> [Problem description]
Begin at the line below that has "片面使用4方差し ハンドリフト対応 |". Stop after the line that has "Węże o długości", repeating each line exactly and leaving out the pictures.

> [Extracted data]
=== Begin Enclosure ===

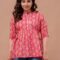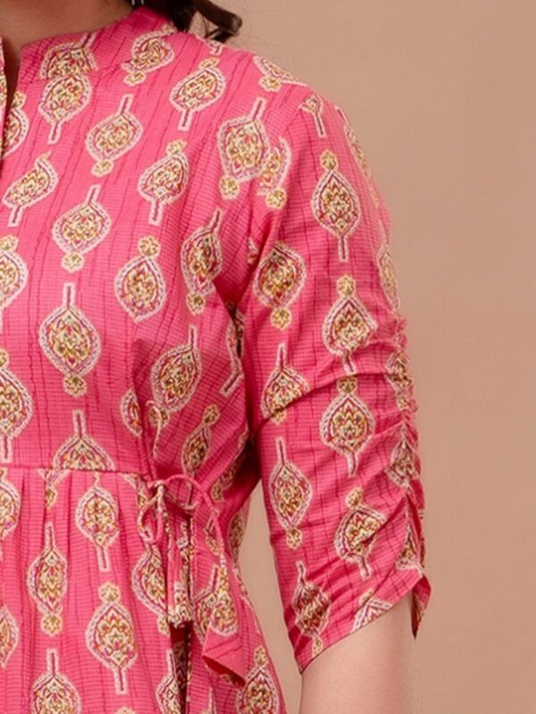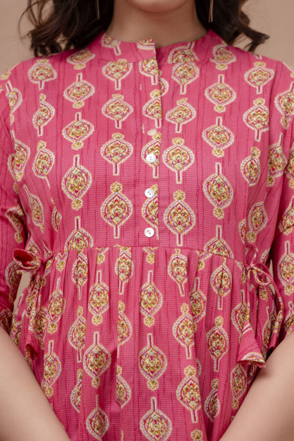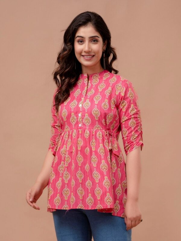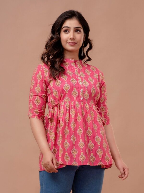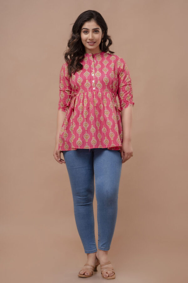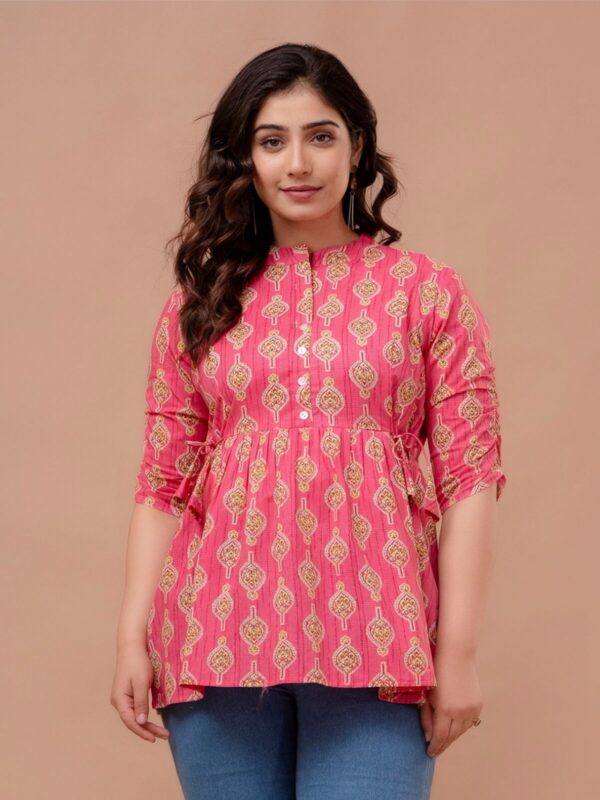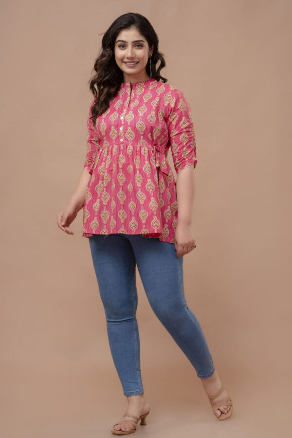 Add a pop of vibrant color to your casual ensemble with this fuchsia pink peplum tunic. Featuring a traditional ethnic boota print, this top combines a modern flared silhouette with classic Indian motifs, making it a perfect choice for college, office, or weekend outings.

=== End Enclosure ===
=== Begin Enclosure ===

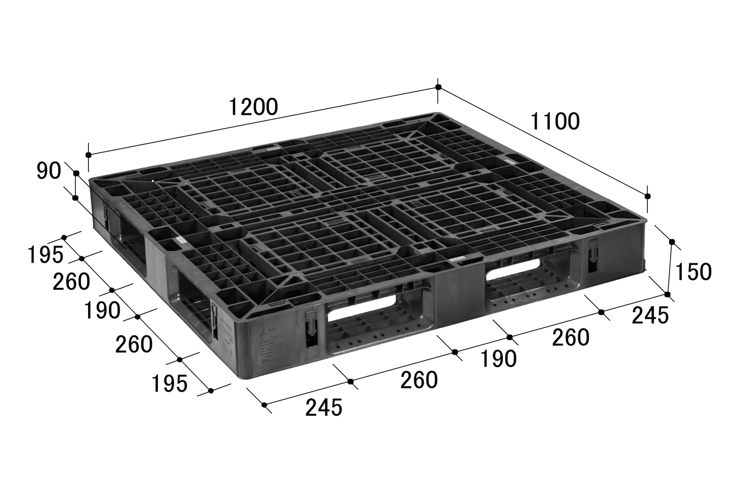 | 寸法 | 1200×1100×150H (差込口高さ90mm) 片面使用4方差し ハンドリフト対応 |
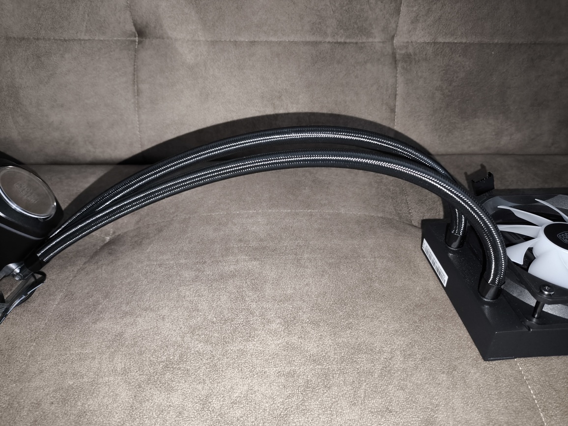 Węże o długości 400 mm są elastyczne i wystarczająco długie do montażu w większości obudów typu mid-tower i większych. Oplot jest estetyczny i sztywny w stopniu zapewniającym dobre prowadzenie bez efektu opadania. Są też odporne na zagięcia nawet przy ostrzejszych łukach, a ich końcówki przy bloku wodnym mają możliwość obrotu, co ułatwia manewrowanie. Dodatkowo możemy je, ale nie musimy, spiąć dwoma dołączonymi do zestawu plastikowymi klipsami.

=== End Enclosure ===
=== Begin Enclosure ===

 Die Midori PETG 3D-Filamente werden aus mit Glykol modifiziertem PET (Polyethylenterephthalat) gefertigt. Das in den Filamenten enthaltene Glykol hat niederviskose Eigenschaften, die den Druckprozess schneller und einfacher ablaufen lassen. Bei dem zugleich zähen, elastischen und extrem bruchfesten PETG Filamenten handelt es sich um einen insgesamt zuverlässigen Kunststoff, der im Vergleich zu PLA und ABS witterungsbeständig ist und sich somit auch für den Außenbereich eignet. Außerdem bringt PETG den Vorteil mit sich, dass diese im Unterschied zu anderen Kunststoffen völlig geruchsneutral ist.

=== End Enclosure ===

> [Written answer]
 | 寸法 | 1200×1100×150H (差込口高さ90mm) 片面使用4方差し ハンドリフト対応 |
 Węże o długości 400 mm są elastyczne i wystarczająco długie do montażu w większości obudów typu mid-tower i większych. Oplot jest estetyczny i sztywny w stopniu zapewniającym dobre prowadzenie bez efektu opadania. Są też odporne na zagięcia nawet przy ostrzejszych łukach, a ich końcówki przy bloku wodnym mają możliwość obrotu, co ułatwia manewrowanie. Dodatkowo możemy je, ale nie musimy, spiąć dwoma dołączonymi do zestawu plastikowymi klipsami.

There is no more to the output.